### Assignment
Your task is to print all of the data below exactly, with no pictures included.

[Stored data entries]
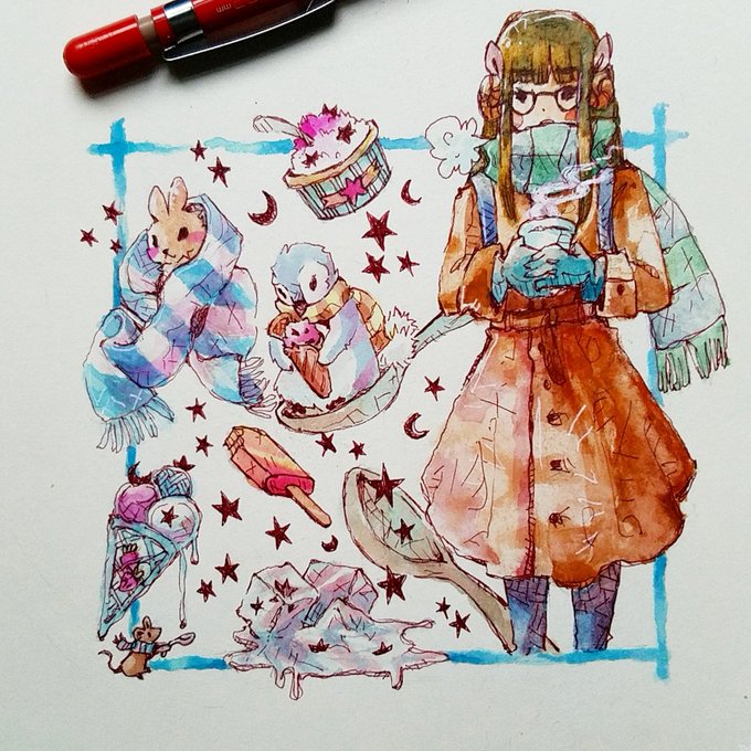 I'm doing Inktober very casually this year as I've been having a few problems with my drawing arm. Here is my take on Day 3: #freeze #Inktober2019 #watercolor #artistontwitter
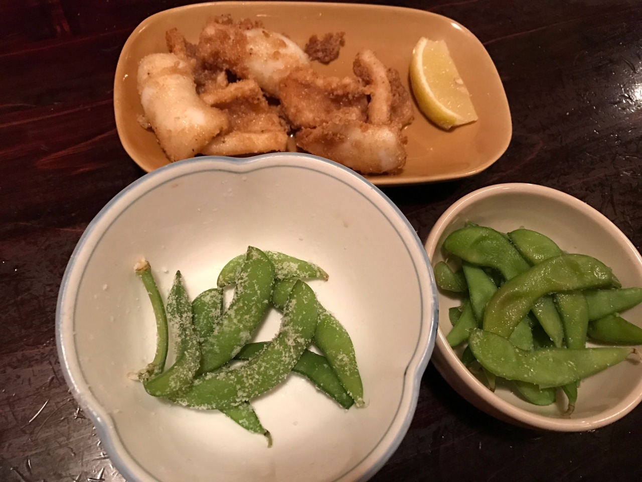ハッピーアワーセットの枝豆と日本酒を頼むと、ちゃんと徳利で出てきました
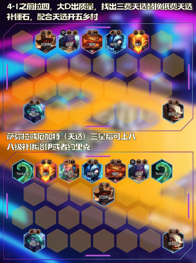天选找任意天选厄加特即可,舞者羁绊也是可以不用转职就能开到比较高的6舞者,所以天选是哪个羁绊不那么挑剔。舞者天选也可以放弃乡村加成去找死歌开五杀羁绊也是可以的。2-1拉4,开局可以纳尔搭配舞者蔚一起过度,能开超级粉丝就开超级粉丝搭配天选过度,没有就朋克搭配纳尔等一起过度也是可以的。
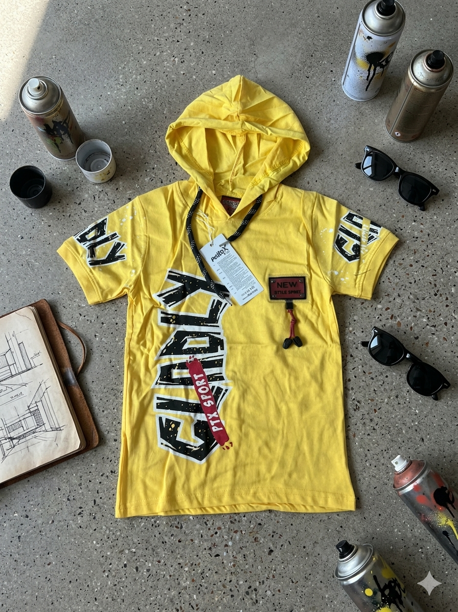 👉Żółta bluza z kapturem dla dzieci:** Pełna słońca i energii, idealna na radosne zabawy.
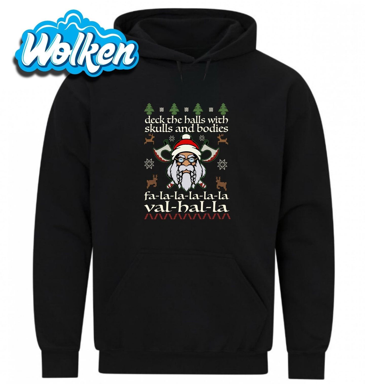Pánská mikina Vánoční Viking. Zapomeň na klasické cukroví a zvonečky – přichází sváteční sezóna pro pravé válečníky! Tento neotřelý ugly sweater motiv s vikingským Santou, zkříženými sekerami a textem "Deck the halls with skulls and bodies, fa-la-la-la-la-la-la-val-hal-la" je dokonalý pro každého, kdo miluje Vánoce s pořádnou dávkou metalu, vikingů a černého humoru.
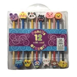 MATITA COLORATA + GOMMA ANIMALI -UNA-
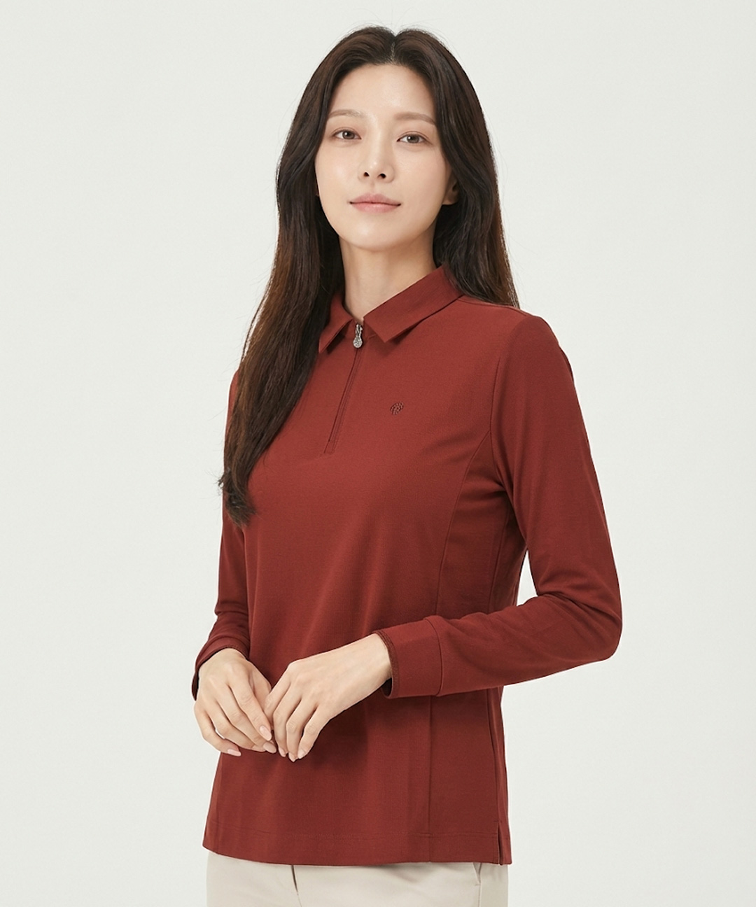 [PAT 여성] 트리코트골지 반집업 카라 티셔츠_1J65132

### Solution to the problem
 I'm doing Inktober very casually this year as I've been having a few problems with my drawing arm. Here is my take on Day 3: #freeze #Inktober2019 #watercolor #artistontwitter
ハッピーアワーセットの枝豆と日本酒を頼むと、ちゃんと徳利で出てきました
天选找任意天选厄加特即可,舞者羁绊也是可以不用转职就能开到比较高的6舞者,所以天选是哪个羁绊不那么挑剔。舞者天选也可以放弃乡村加成去找死歌开五杀羁绊也是可以的。2-1拉4,开局可以纳尔搭配舞者蔚一起过度,能开超级粉丝就开超级粉丝搭配天选过度,没有就朋克搭配纳尔等一起过度也是可以的。
 👉Żółta bluza z kapturem dla dzieci:** Pełna słońca i energii, idealna na radosne zabawy.
Pánská mikina Vánoční Viking. Zapomeň na klasické cukroví a zvonečky – přichází sváteční sezóna pro pravé válečníky! Tento neotřelý ugly sweater motiv s vikingským Santou, zkříženými sekerami a textem "Deck the halls with skulls and bodies, fa-la-la-la-la-la-la-val-hal-la" je dokonalý pro každého, kdo miluje Vánoce s pořádnou dávkou metalu, vikingů a černého humoru.
 MATITA COLORATA + GOMMA ANIMALI -UNA-
 [PAT 여성] 트리코트골지 반집업 카라 티셔츠_1J65132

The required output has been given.